Contribuições coletadas em audiência pública auxiliarão na elaboração de nota técnica sobre a Política Nacional de Atingidos por Barragens
A audiência pública realizada nesta quarta-feira (15) discutiu conceitos, marcos temporais e territoriais, participação social, assimetrias no processo de reparação, reassentamento e outras temáticas relativas a pessoas vítimas da construção, instalação, ampliação, manutenção ou rompimento de barragens. Mais de 20 pessoas participaram do evento que durou quase cinco horas – disponível no Canal da PFDC no Youtube.
Cada participante teve dez minutos para apresentar considerações sobre o Projeto de Lei 2.788/2019, que visa instituir a Política Nacional de Atingidos por Barragens (PNAB). A iniciativa foi promovida pela Procuradoria Federal dos Direitos do Cidadão – órgão do Ministério Público Federal (MPF), que produzirá nota técnica a ser encaminhada ao Congresso Nacional. Em seu discurso de abertura, o procurador federal dos Direitos do Cidadão, Carlos Alberto Vilhena, esclareceu que todos os que manifestaram interesse em participar foram contemplados. Destacou ainda a importância da construção coletiva de soluções que possam garantir a dignidade da população brasileira, principalmente da parcela mais vulnerável, o que inclui a população atingida por barragens.
Os trabalhos foram conduzidos pelo procurador da República Thales Coelho, coordenador do Grupo de Trabalho Direitos Humanos e Empresas, da PFDC. Entre as autoridades públicas estiveram o procurador federal do Instituto Brasileiro do Meio Ambiente e dos Recursos Naturais Renováveis (Ibama), Thiago Zucchetti Carrion. Ele alertou sobre a PNAB trazer a diferenciação entre os impactos decorrentes da construção e do rompimento de barragens, bem como de tratar de normatizações relativas ao instrumental técnico necessário para o atendimento a comunidades atingidas por desastres.
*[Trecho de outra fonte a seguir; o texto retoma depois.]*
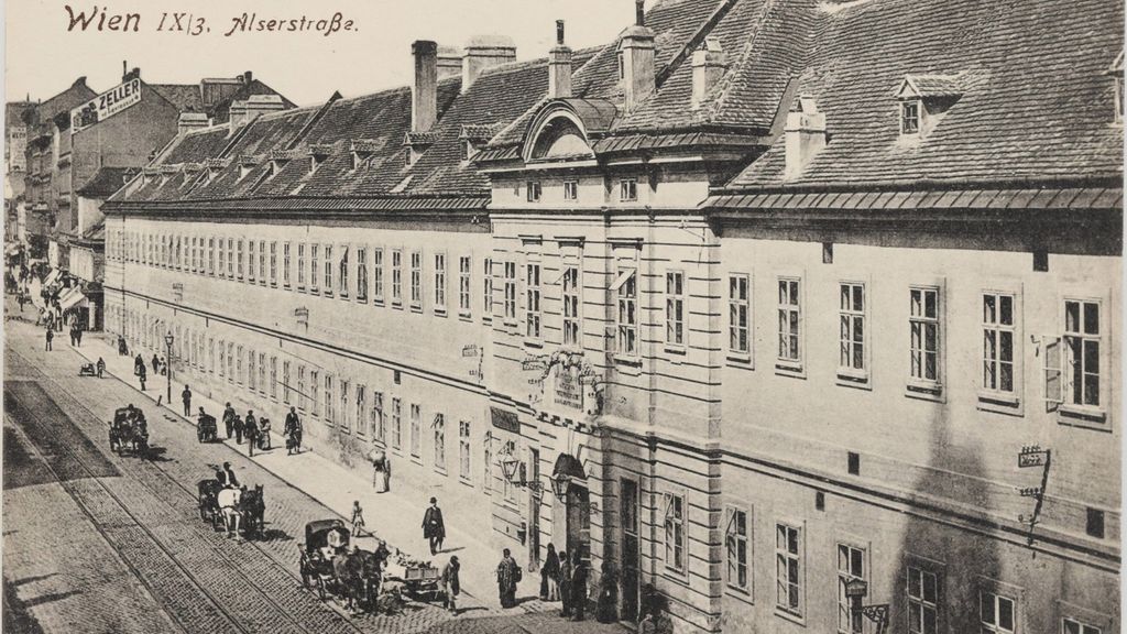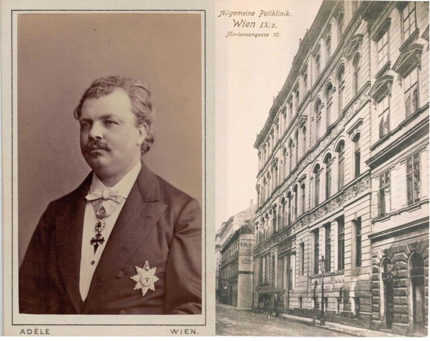 Abb. 7: A: Richard Übelhör. B: Altes Allgemeines Krankenhaus, Alser Straße 4, 9. Bezirk, Ansichtskarte koloriert: Am Ort des Allgemeinen Krankenhauses sollte sich die Geschichte der stationären Behandlung der urologischen Patienten schließen – vom Zimmer „getrennt nach Männern und Weibern“ hin zur ersten urologischen Universitätsklinik.
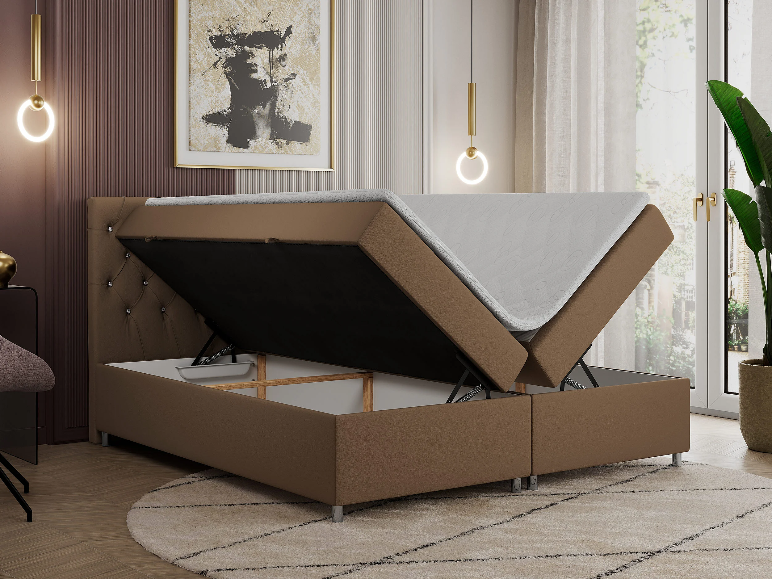 Boxspringbett ROMA mit gestepptem Kopfteil, Multipocket-Matratze, dekorative Füße - 200x200 cm - H3 - Braun Kunstleder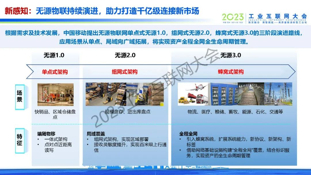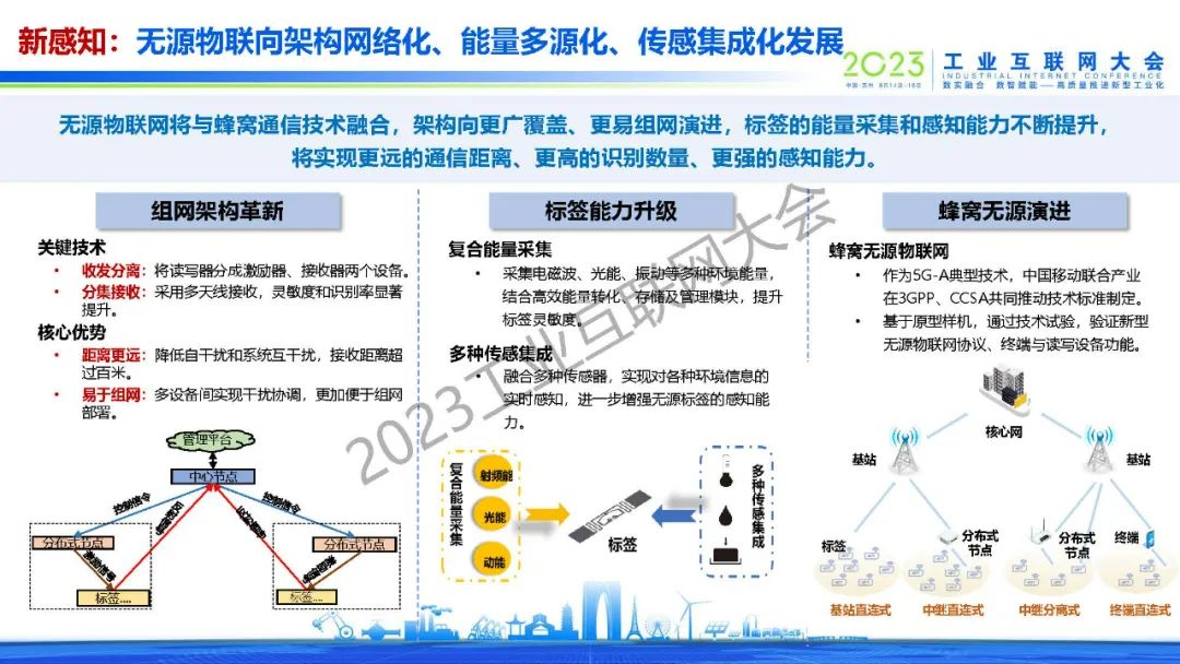 “無源物聯網將與蜂窩通信技術融合,架構向更廣覆蓋、更易組網演進,標簽的能量采集和感知能力不斷提升,將實現更遠的通信距離、更高的識別數量、更強的感知能力。“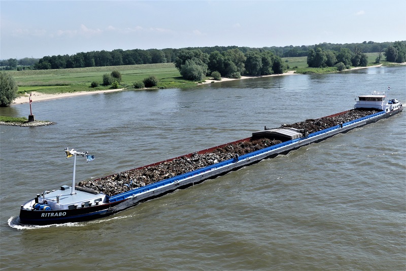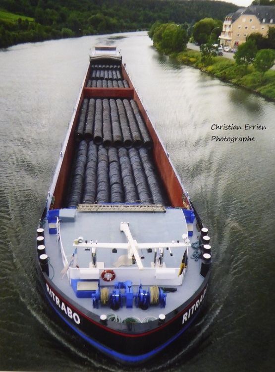 C'est un habitué de la Moselle française, jusqu'au terminus de la navigation à grand gabarit ! Sur les photos de Christian, il est avalant, chargé de bobines de fil-machine, elles proviennent sûrement de la SAM, l'aciérie électrique de Neuves-Maisons. Quand il est montant, c'est avec de la ferraille qui sera fondue là-haut, comme par exemple ici, sur la Moselle canalisée à l'écluse de Villey-le-Sec, en août 2017 :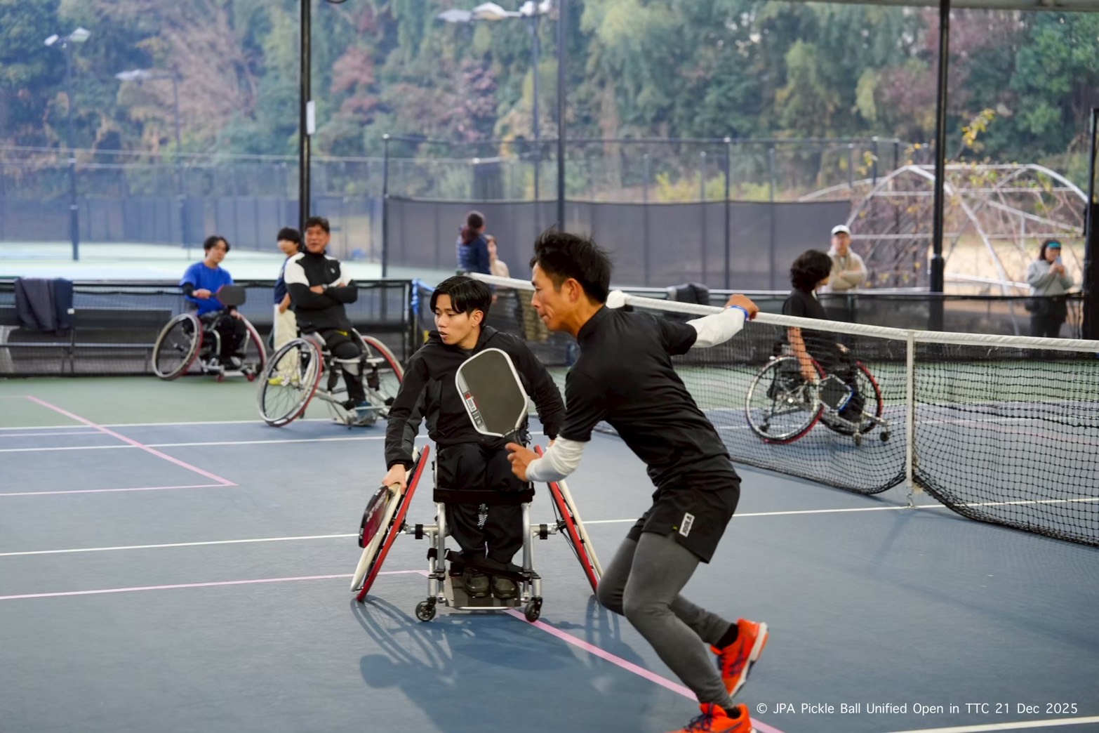 特に注目されるのが「車いすユニファイド」カテゴリーだ。これは車いす選手と健常者がペアを組んで対戦する種目で、立場を超えて協力し合い、誰もが同じコートで競い楽しめるインクルーシブな競技特性を体現している。

Membro da mesa diretora do Conselho Nacional dos Direitos Humanos, vinculado ao Ministério da Mulher, da Família e dos Diretos Humanos (MMFDH), Leandro Gaspar Scalabrin afirmou que a não internalização de custos referentes a impactos sociais pelas empresas, incentiva a repetição de desastres e tragédias. “No Brasil, é mais fácil não prevenir, não mitigar, e indenizar posteriormente o desastre”, enfatizou.
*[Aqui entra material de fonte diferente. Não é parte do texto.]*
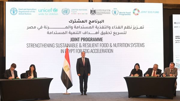 شهد الدكتور مصطفى مدبولي، رئيس مجلس الوزراء، توقيع وثيقة البرنامج المشترك لمشروع تعزيز نظم الغذاء والتغذية المستدامة والمرنة في مصر لتسريع تحقيق أهداف التنمية المستدامة، الذي يتم تنفيذه بالشراكة بين الجهات الوطنية، ومنظمات الأمم المتحدة الشريكة، والمجتمع المدني والقطاع الخاص والمؤسسات المالية الدولية، وذلك خلال فعالية إطلاق الاستراتيجية الوطنية المتكاملة للاستدامة وتمويل التنمية في مصر، المقامة اليوم بالعاصمة الإدارية الجديد.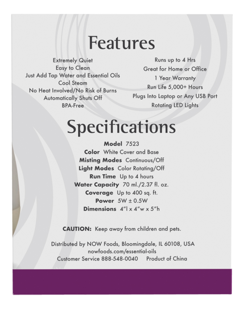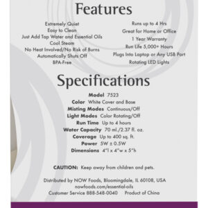 Difusor Ultrassônico Óleo Essencial Now Foods Usb Branco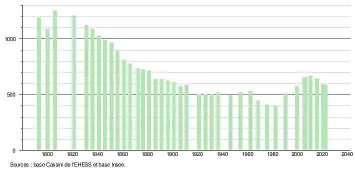 L'évolution du nombre d'habitants est connue à travers les recensements de la population effectués dans la commune depuis 1793. Pour les communes de moins de 10 000 habitants, une enquête de recensement portant sur toute la population est réalisée tous les cinq ans, les populations de référence des années intermédiaires étant quant à elles estimées par interpolation ou extrapolation[26]. Pour la commune, le premier recensement exhaustif entrant dans le cadre du nouveau dispositif a été réalisé en 2005[27].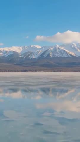 - Clouds drifting over snow-capped peaks reflecting on cracked frozen lake | Vertical video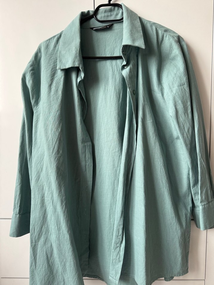 Turkuaz keten kumaştan, düğmeli, notalı yaka ve uzun kollu, bol kesim kadın gömlek. Minimalist ve normcore tarzda, günlük kullanım için uygundur.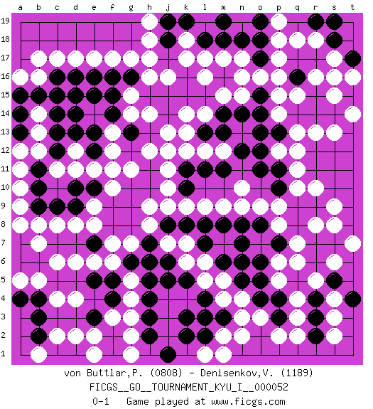 Last move : 0-1 2014 May 13 22:9:51 [Event "FICGS__GO__TOURNAMENT_KYU_I__000052"] [Site "FICGS"] [Date "2014.02.17"] [Round "1"] [Black "von Buttlar,Paul"] [White "Denisenkov,Valentin"] [Result "0-1"] [Rating 1 "0808"] [Rating 2 "1189"] 1.d10 r16 2.k16 p17 3.k10 c17 4.d16 d17 5.d15 f17 6.f16 g17 7.g16 d4 8.c16 h17 9.j17 h16 10.h15 j16 11.j15 k17 12.j18 k18 13.k19 h18 14.j19 l19 15.l18 h19 16.m19 l16 17.k15 q3 18.k19 m17 19.n18 n17 20.o17 o16 21.o18 p18 22.o19 p19 23.m16 m15 24.l15 l17 25.m14 n15 26.m18 r5 27.o15 p15 28.o14 p14 29.n14 n16 30.q16 q15 31.j19 q10 32.q14 q13 33.r14 r13 34.s14 s13 35.t15 s16 36.r15 s15 37.q17 p16 38.r17 s17 39.s18 r18 40.p13 p12 41.o13 k4 42.p11 q11 43.o12 q12 44.o11 c6 45.g8 g3 46.m6 n4 47.o6 o9 48.p10 p9 49.o8 n9 50.n8 m9 51.m8 l9 52.l8 k9 53.k8 j9 54.j8 h9 55.g9 h8 56.h7 g7 57.g6 f7 58.h10 j7 59.h6 k6 60.j6 k7 61.k5 l5 62.j5 l6 63.l4 m4 64.l3 m5 65.o4 o3 66.o5 n3 67.k3 j4 68.h4 j3 69.h3 j2 70.h2 g5 71.f5 f6 72.h5 g4 73.k2 g2 74.j1 q7 75.q8 p8 76.p7 q6 77.q9 r8 78.r19 q18 79.t17 j10 80.r9 s9 81.e16 j11 82.k11 k12 83.l11 h12 84.g10 l12 85.m11 m12 86.n12 l14 87.l13 k14 88.j14 k13 89.m13 n10 90.h13 j12 91.g12 d8 92.f8 e8 93.e7 e6 94.d9 c8 95.c9 b8 96.h11 r10 97.e5 d6 98.f4 f3 99.p3 p2 100.p4 q2 101.n5 m7 102.n6 m2 103.m3 n2 104.f2 e2 105.f1 g1 106.d1 d2 107.e3 e1 108.c1 c2 109.s19 t16 110.q16 t14 111.s7 e9 112.e10 b16 113.b15 b17 114.a15 e17 115.c14 a11 116.b9 a9 117.b10 a10 118.a7 a8 119.b6 b7 120.a6 b5 121.b11 b12 122.c12 b13 123.c13 f10 124.f9 g11 125.f11 f12 126.g13 e11 127.e12 d12 128.e13 c11 129.r6 s6 130.r7 t7 131.s5 s8 132.r4 q4 133.r3 s4 134.t4 s3 135.r2 s2 136.q5 p5 137.l7 p6 138.n7 f11 139.j18 f13 140.f14 e14 141.d13 d11 142.a13 g14 143.f15 j13 144.e15 a12 145.a14 b14 146.d14 a16 147.c15 h14 148.b2 b1 149.b3 c4 150.b4 a5 151.a4 l1 152.l2 m1 153.g13 g15 0-1 Here are the names of the openings (joseki) played in the four corners : Corner d16 : c17 d16 San-San (Sam-Sam, San-San) 3-3 Point. The San-San (3-3) point, emphasizing territory at the expense of influence. Kata-tsuki (shoulder hit). The shoulder-hit is the traditional answer to the 3-3. The direction of White 3 depends on the positions on the side. Crawling once may be the premise for a follow-up move of sliding with a knight's move in the opposite direction. If White plays 3 at 3-4 (to the right), the follow-on knight's move is then played at the top (e.g. 3-4, 4-5, 5-2). White's knight's move reduces territory potential on the side it is played. Player White won this Go (weiqi, baduk) game. Follow this game move after move (download)The L-group is dead. (Anonymous) Heh, heh, heh. Time to abandon ship. (General Grievous in Star Wars ep.3)

Também participaram diversos pesquisadores que acompanham a temática, como Manoela Roland, Bruno Milanez, Felipe Fayser, Níckolas Tenório, Cristiana Losekann, Karine Carneiro, Katya Regina Isaguirre Torres e Ana Maria Heeren Falkiewicz. Para Marina Paula Oliveira, da Pontifícia Universidade Católica de Minas Gerais (PUC-MG) – atingida pelo rompimento da barragem da mineradora Vale em Brumadinho –, é preciso ir além do desastre, pensar em pautas que ajudem a pensar em planos de futuro, de justiça e de direitos para outras comunidades. “As propagandas enganosas, a veiculação de inverdades perpetua a dor e gera uma sensação constante de injustiça”, enfatizando, em seguida, a necessidade de garantia ao direito à assessoria técnica independente.
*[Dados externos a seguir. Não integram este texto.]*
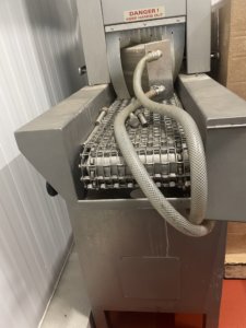 FOMACO FGM 20/40 Pickle Injector. 10″ wide plastic conveyor belt. Set up with ...

Integrantes da sociedade civil estiveram presentes na audiência pública, representando entidades como a Rede Nacional de Advogados/as Populares, o Movimento dos Atingidos por Barragens (MAB), o Instituto Guaicuy e o Instituto Políticas Alternativas para o Cone Sul (PACS). Simone Silva, da Comissão de Atingidos e Atingidas de Barra Longa/MG, emocionou os participantes com o relato da luta pela reparação de direitos, entre eles o direto à moradia e à saúde. “Os atingidos por barragens precisam que o PL saia do papel”, defendeu.